# Cooling food to keep bacteria to a minimum, a two stage technique...  A reminder during this holiday season...



## daveomak.fs (Dec 18, 2021)

Most people know that cooking food is an important step in food safety. But what about cooling food? Cooling gets less attention than cooking, but it can be every bit as important.

The FDA has specific regulations for cooling food safely. These regulations are often called the two-stage cooling process since they’re usually taught to food workers as two stages. Understanding the regulations are critical for all food handlers.

*Two stage cooling method*
The FDA recommends that food be cooled from 135°F to 41°F (57°C to 5°C) in six hours or less. This time limit helps prevent dangerous bacteria growth. But the guidelines don’t end there. The FDA Food Code has one additional rule: Food must be cooled from 135°F to 70°F (57°C to 21°C) in two hours or less. In this range, bacteria can double in as little as 20 minutes. The faster food passes through this temperature range, the better. Food workers have the rest of the six hours to take food through the remaining temperature danger zone, from 70°F down to 41°F (21°C to 5°C).

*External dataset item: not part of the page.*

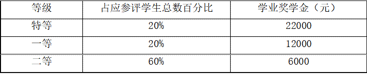 注:一般情况下,硕士研究生学业奖学金特等、一等、二等的占比分别为20%、20%、60%,在总额控制条件下,根据实际情况适当调整有关比例。
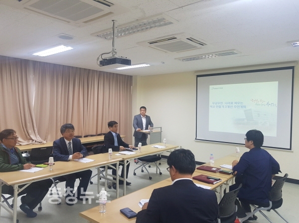 ‘무궁무진 나라꽃 피우는 학교만들기’ 태스크포스팀이 7일 천리포수목원에서 첫 회의를 진행하고 있다.

This entire cooling process is often called the two-stage cooling process. Some food workers learn it like this:


Stage 1: Cool food from 135°F to 70°F (57°C to 21°C) in two hours.
Stage 2: Cool food from 70°F to 41°F (21°C to 5°C) in four hours.
*Training food workers*
Breaking up cooling guidelines into two stages can make them easier to remember. On the other hand, food workers who learn the guidelines as two stages might misunderstand some things about the regulations. For instance, some food workers may mistakenly take one hour to cool food in Stage 1 and take five hours to cool food in Stage 2 (which is too long). Other food workers might forget that they don’t need to start the clock on their cooling until food enters the Temperature Danger Zone at 135°F (57°C). Learning to properly train employees on cooling techniques is integral to food manager training.

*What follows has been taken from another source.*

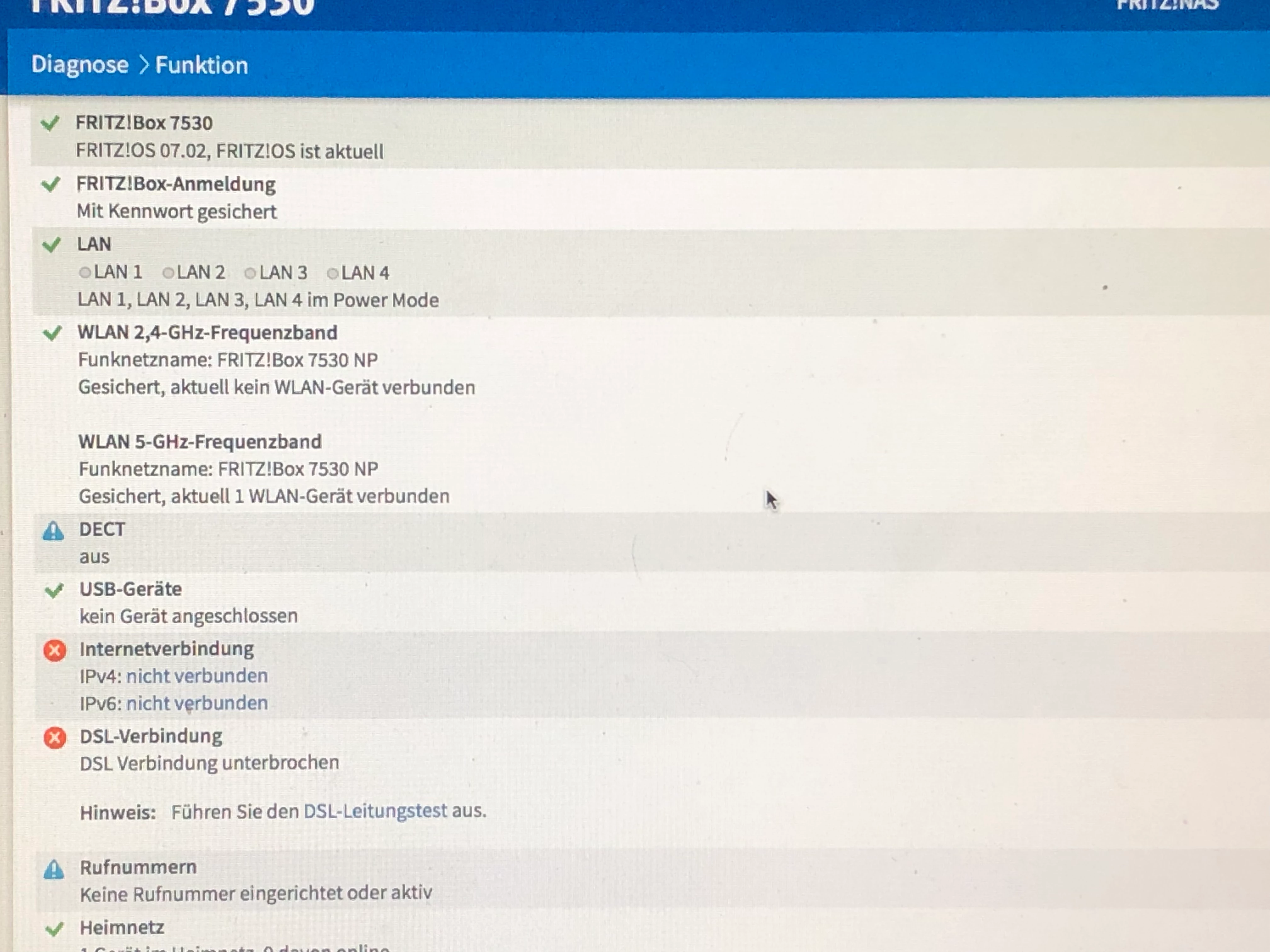 I bought a Fritzbox 7530 vdsl modem. My internet connection should be working since 25.01., that’s the date when it was brought online. Everything is working fine, except the internet connection, which is “gestorben”y 😞

Just knowing the regulations doesn’t mean food workers will follow them. The best way to ensure proper cooling is to make sure food workers understand the reasons behind the rules.  It all starts with the temperature danger zone.

*The temperature danger zone*
Bacteria grow best in food in the temperature range between 135°F – 41°F (57°C – 5°C). This range is so effective for bacteria growth that it’s called the temperature danger zone.

As food is cooled, it passes through the temperature danger zone, giving bacteria time to multiply. If left out to cool, cooked food can become unsafe in a matter of hours. The cooling step gives bacteria a chance to multiply to dangerous levels—if bacteria growth isn’t controlled while food cools. That’s why the FDA guidelines are so effective. These guidelines ensure that food passes through the temperature danger zone quickly so bacteria don’t have a chance to make food unsafe.

*Proper cooling methods for food*
It can be tricky to cool a large batch of hot food. Strategies for cooling can help take the heat out of the situation.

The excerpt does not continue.